Required work
Please reproduce exactly, and only, the lines from the one with "아침 퀴즈 이벤트 30원 획득 적립을 하였습니다. 감사합니다." through the last line of the listing below, both ends included, leaving out the pictures.

Collected data
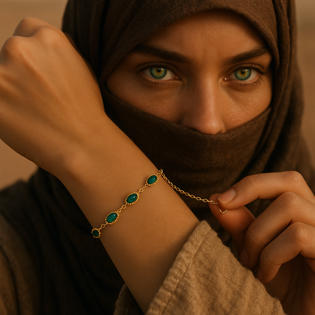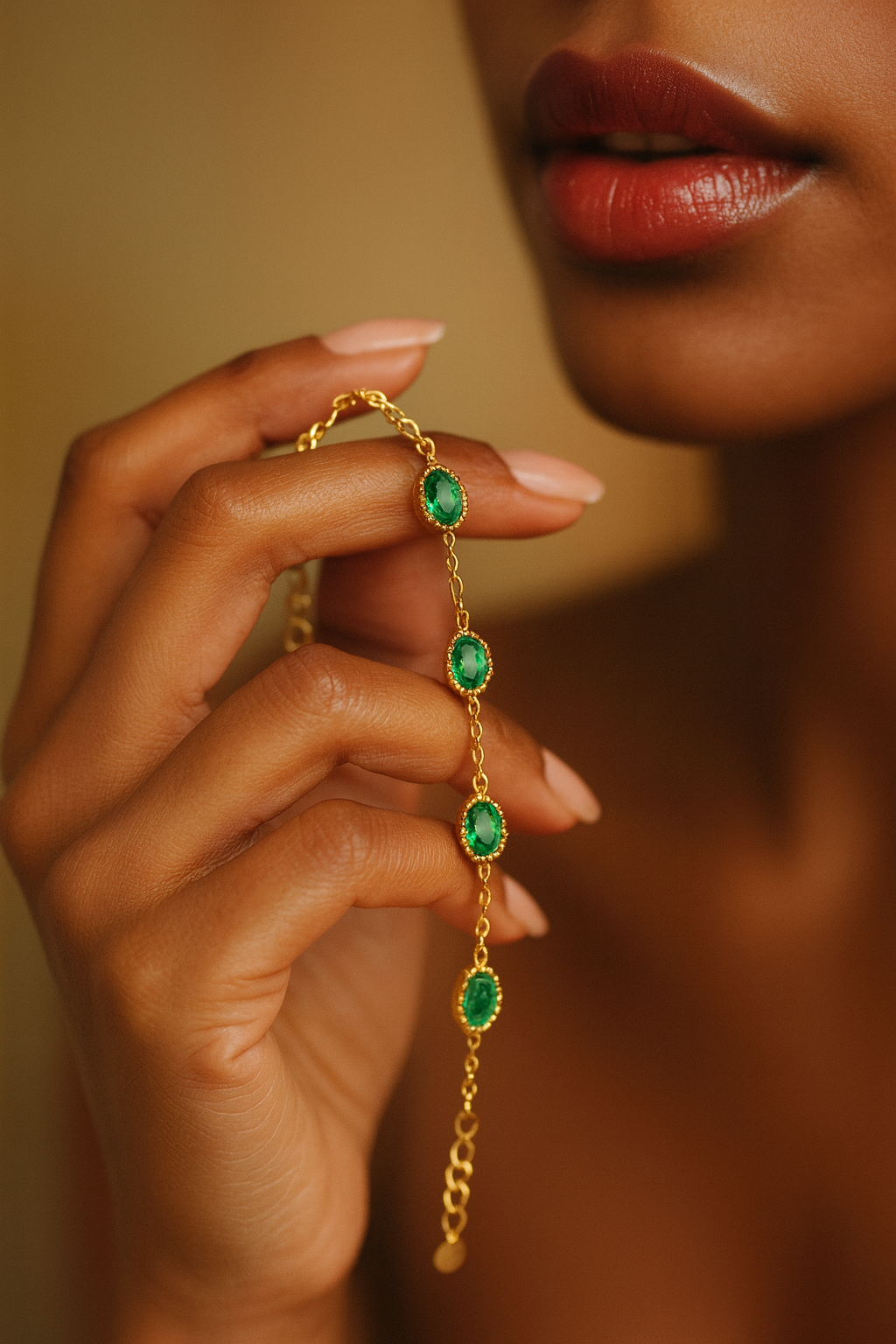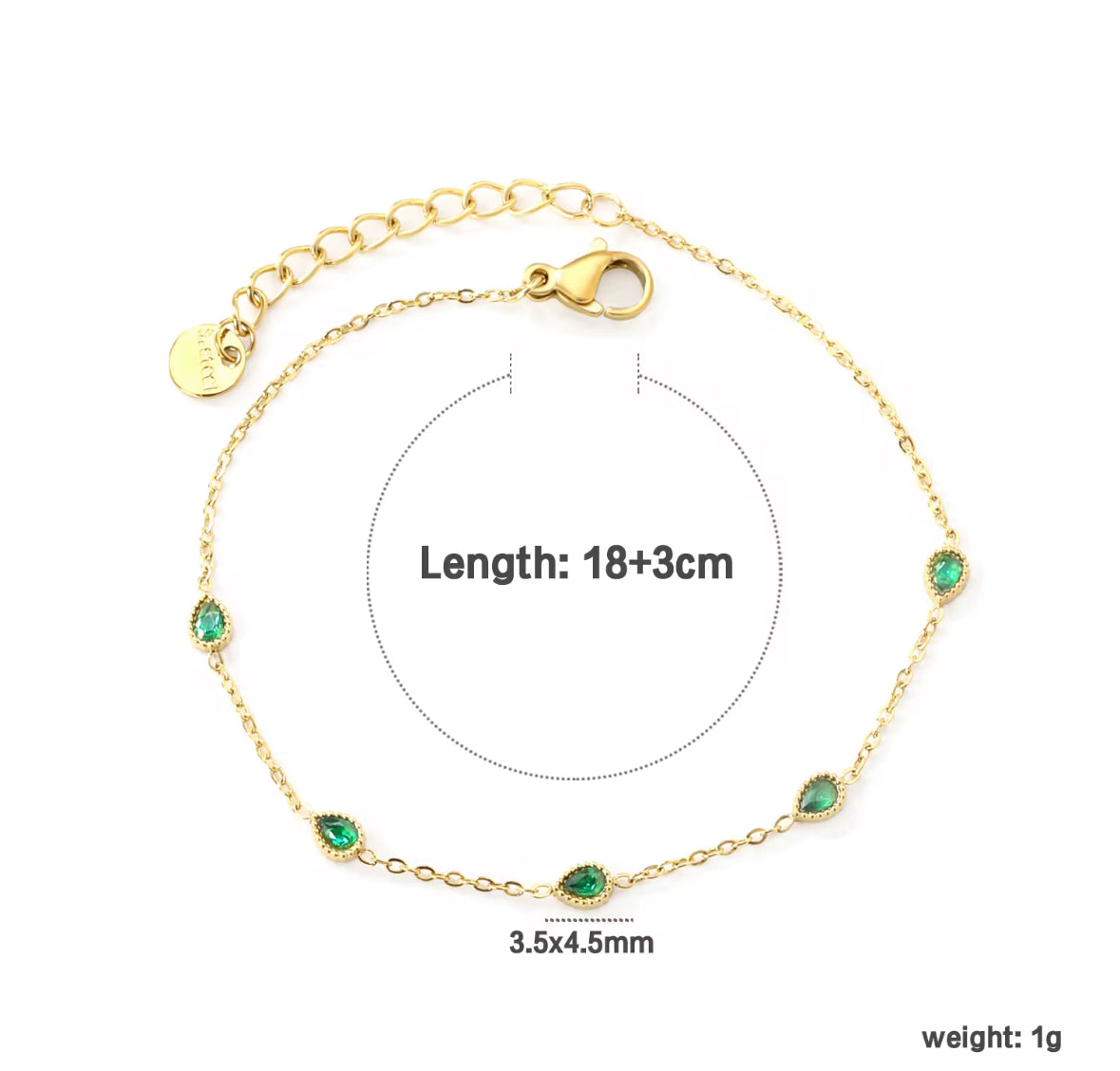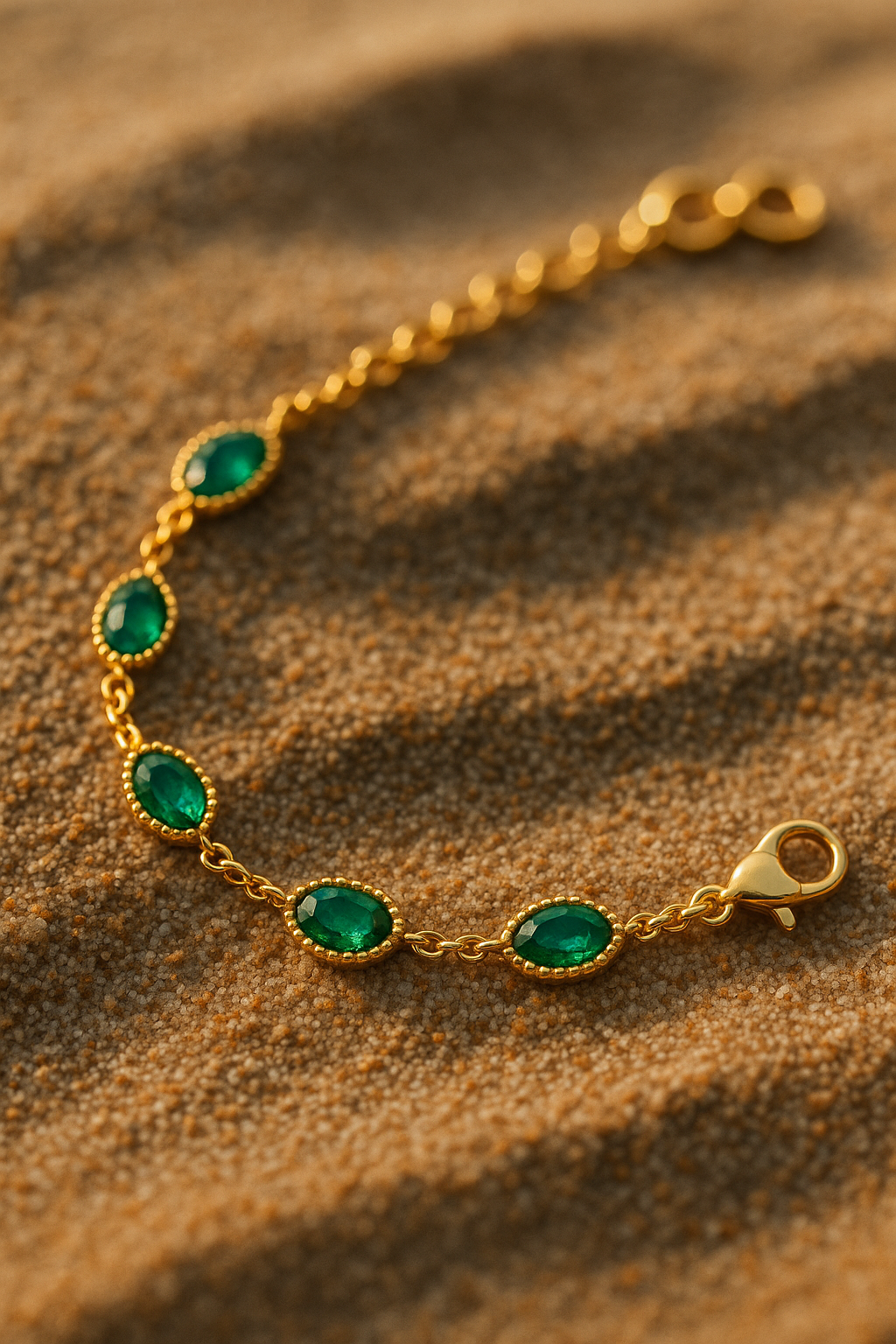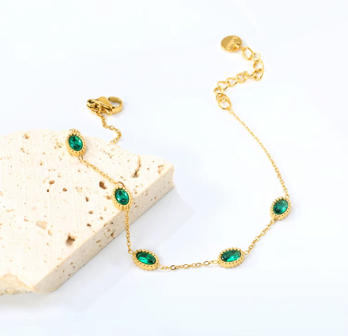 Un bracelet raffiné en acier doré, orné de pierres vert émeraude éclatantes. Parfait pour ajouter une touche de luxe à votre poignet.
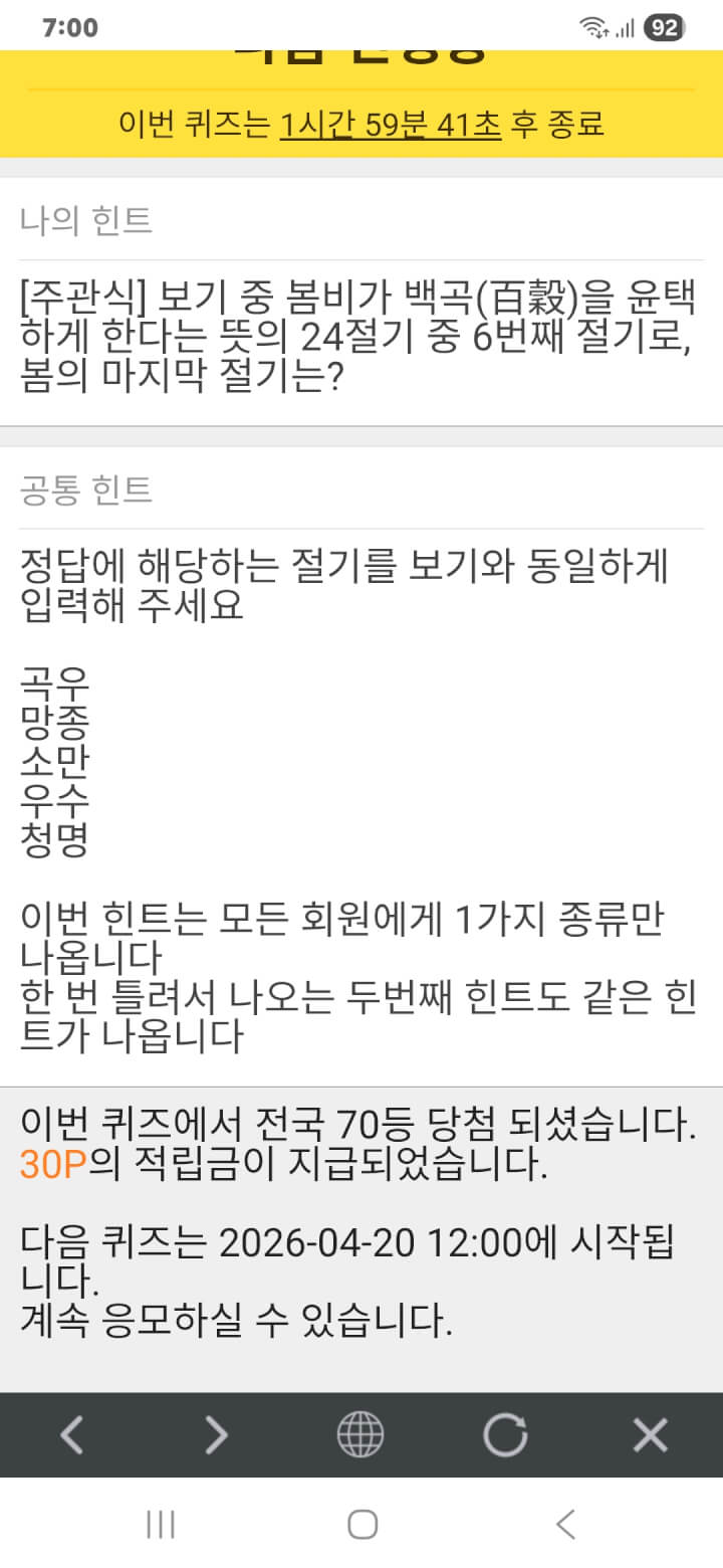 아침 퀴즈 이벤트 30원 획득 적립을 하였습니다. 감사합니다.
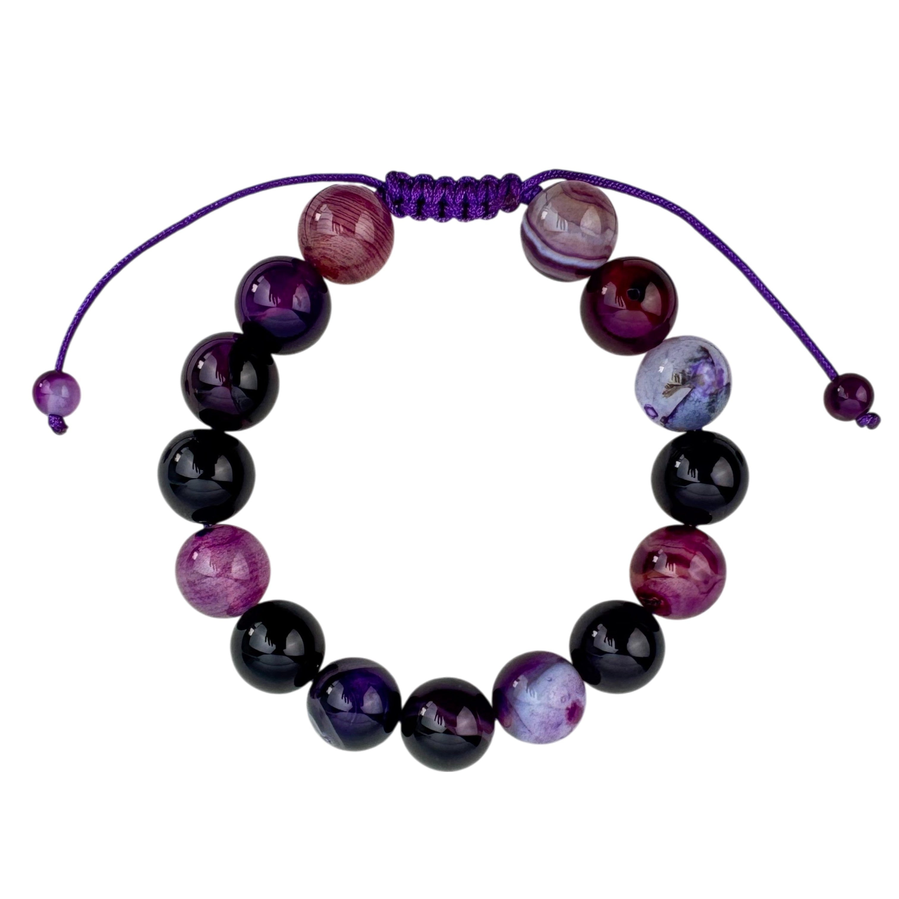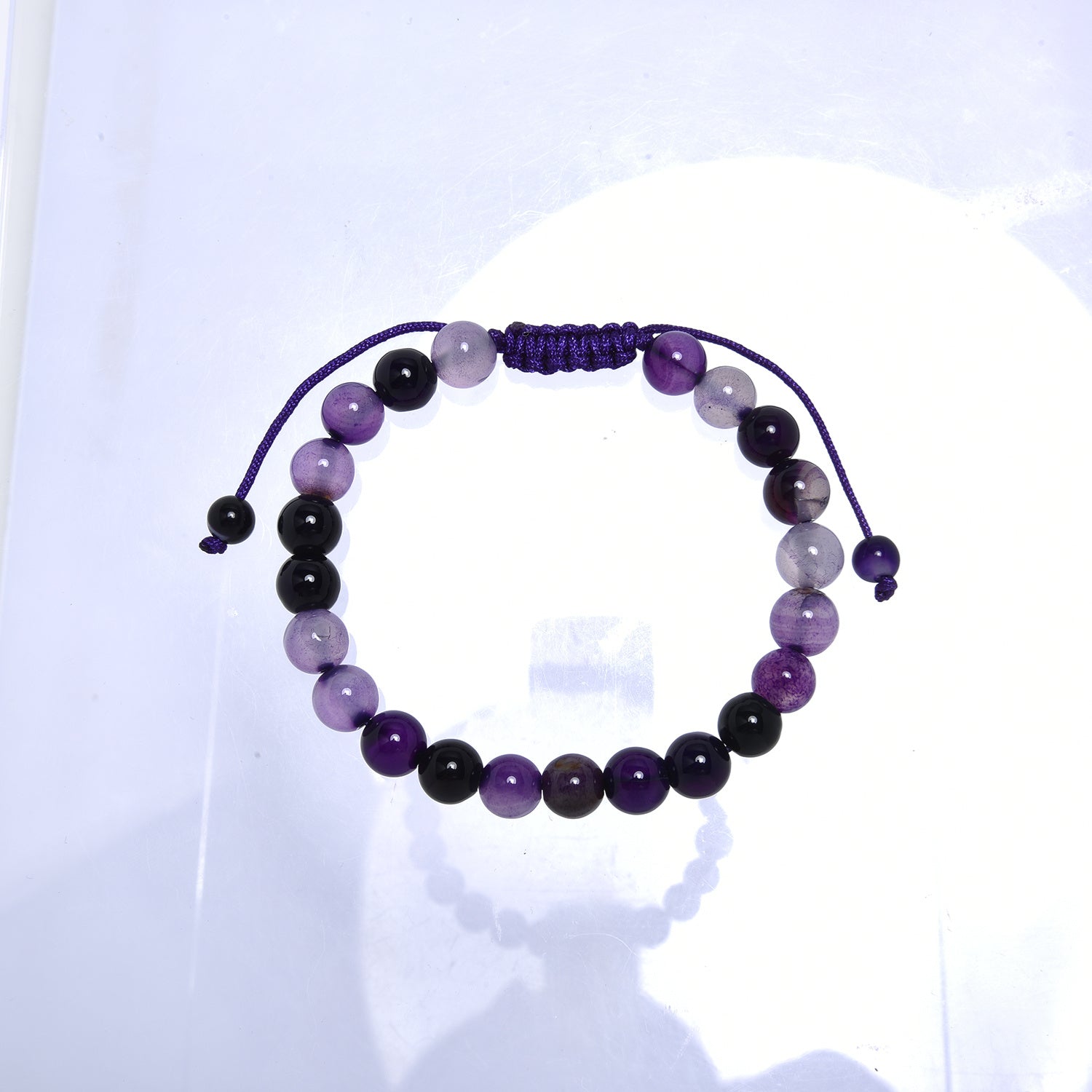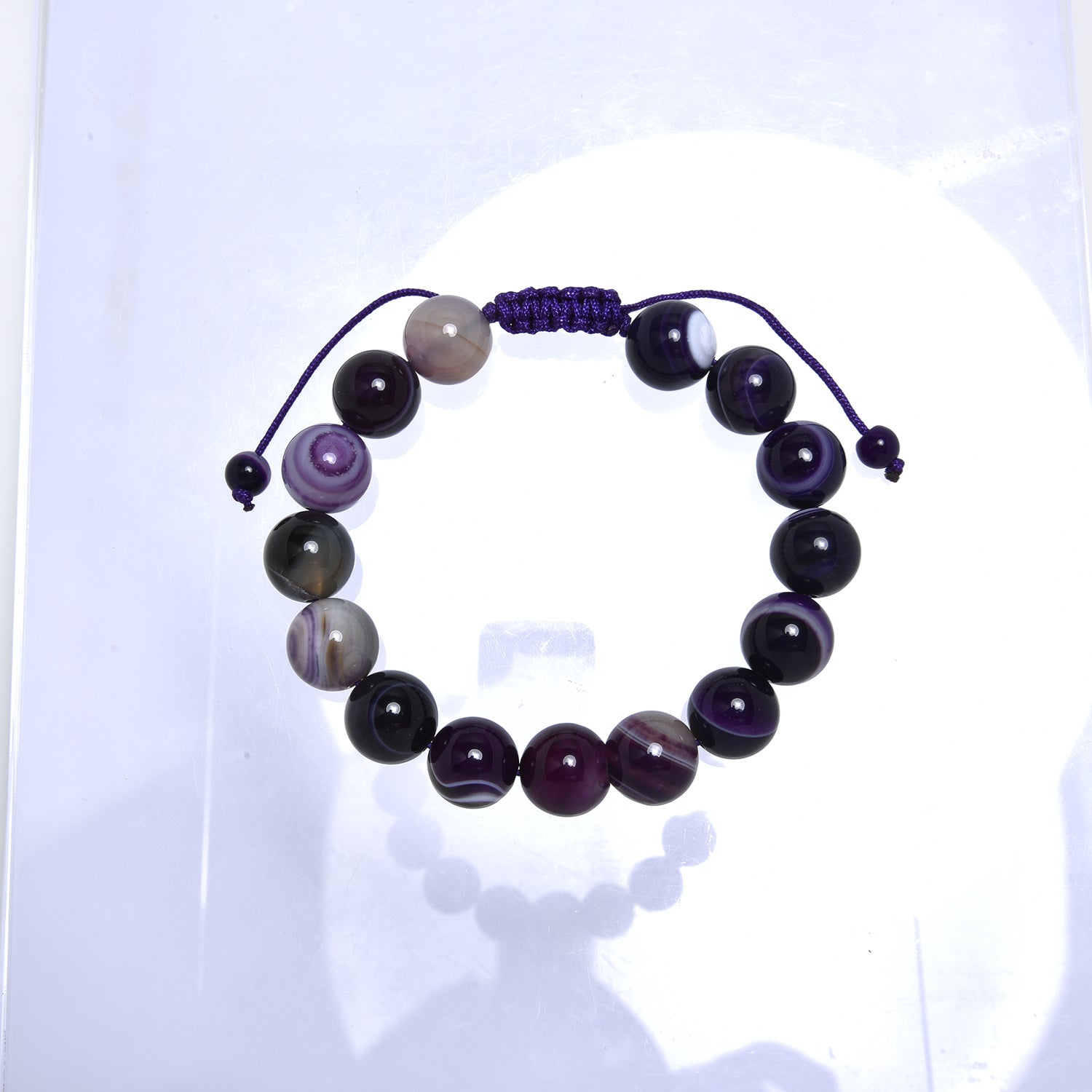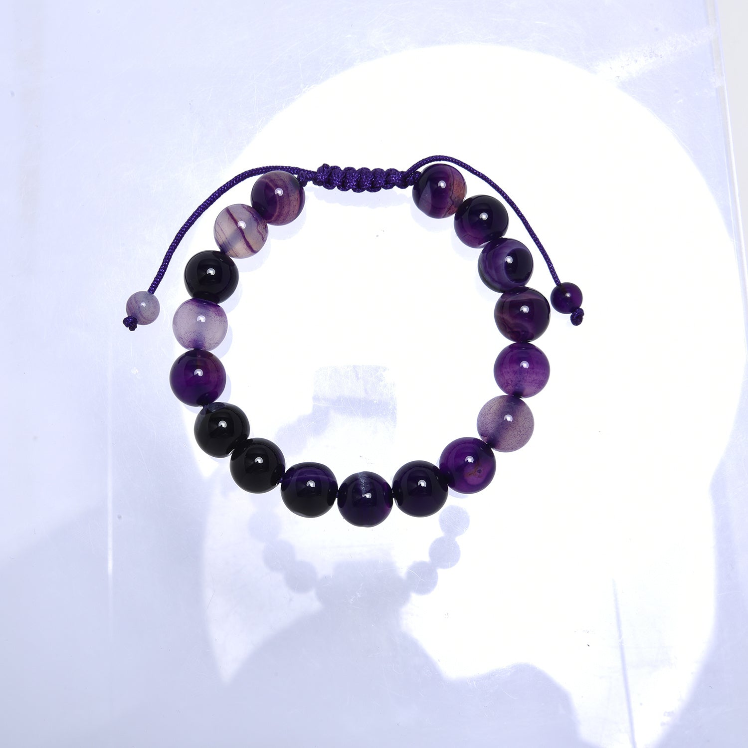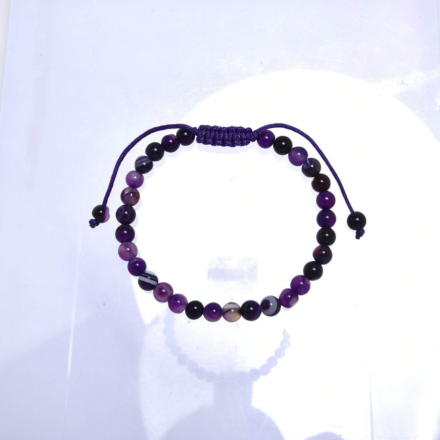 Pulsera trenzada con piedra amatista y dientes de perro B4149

Result
 아침 퀴즈 이벤트 30원 획득 적립을 하였습니다. 감사합니다.
 Pulsera trenzada con piedra amatista y dientes de perro B4149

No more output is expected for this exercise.